◆ **Exercise requirements**
What's needed is an exact retyping of the lines from the start of the listing up to and including the line with "6月10日,江苏省委、省政府", minus any pictures.

◆ **Source material**
============================================================
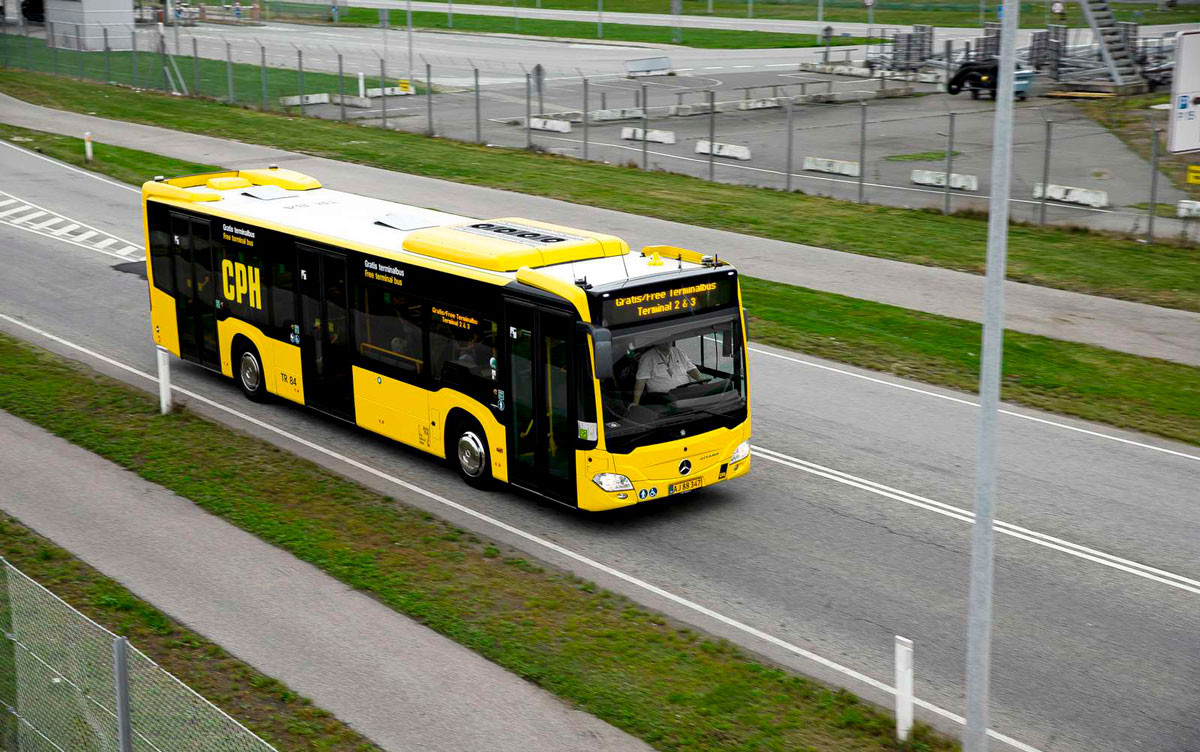 Når du har parkeret din bil, kan du køre gratis med terminalbusser hele døgnet rundt.
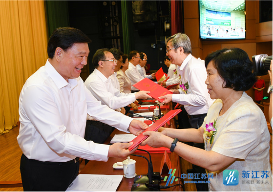 6月10日,江苏省委、省政府在宁举行全省科学技术奖励大会,深入学习贯彻习近平新时代中国特色社会主义思想,隆重表彰2019年度省科学技术奖获奖单位和个人,激励全省广大科技工作者攻坚克难、勇攀高峰,为推动高质量发展走在前列、建设“强富美高”新江苏提供坚实科技支撑。省委书记、省人大常委会主任娄勤俭出席大会并颁奖,省委副书记、省长吴政隆在会上讲话,省政协主席黄莉新出席,省委副书记任振鹤主持大会。
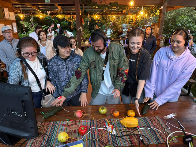 La planta es nuestra pianista, es la que va a estar tocando las notas. Yo hago el trabajo de ingeniero de sonido. Es una cocreación de humano y planta”, les explicó el músico argentino a los 20 asistentes.
============================================================
◆ **Task answer**
 Når du har parkeret din bil, kan du køre gratis med terminalbusser hele døgnet rundt.
 6月10日,江苏省委、省政府在宁举行全省科学技术奖励大会,深入学习贯彻习近平新时代中国特色社会主义思想,隆重表彰2019年度省科学技术奖获奖单位和个人,激励全省广大科技工作者攻坚克难、勇攀高峰,为推动高质量发展走在前列、建设“强富美高”新江苏提供坚实科技支撑。省委书记、省人大常委会主任娄勤俭出席大会并颁奖,省委副书记、省长吴政隆在会上讲话,省政协主席黄莉新出席,省委副书记任振鹤主持大会。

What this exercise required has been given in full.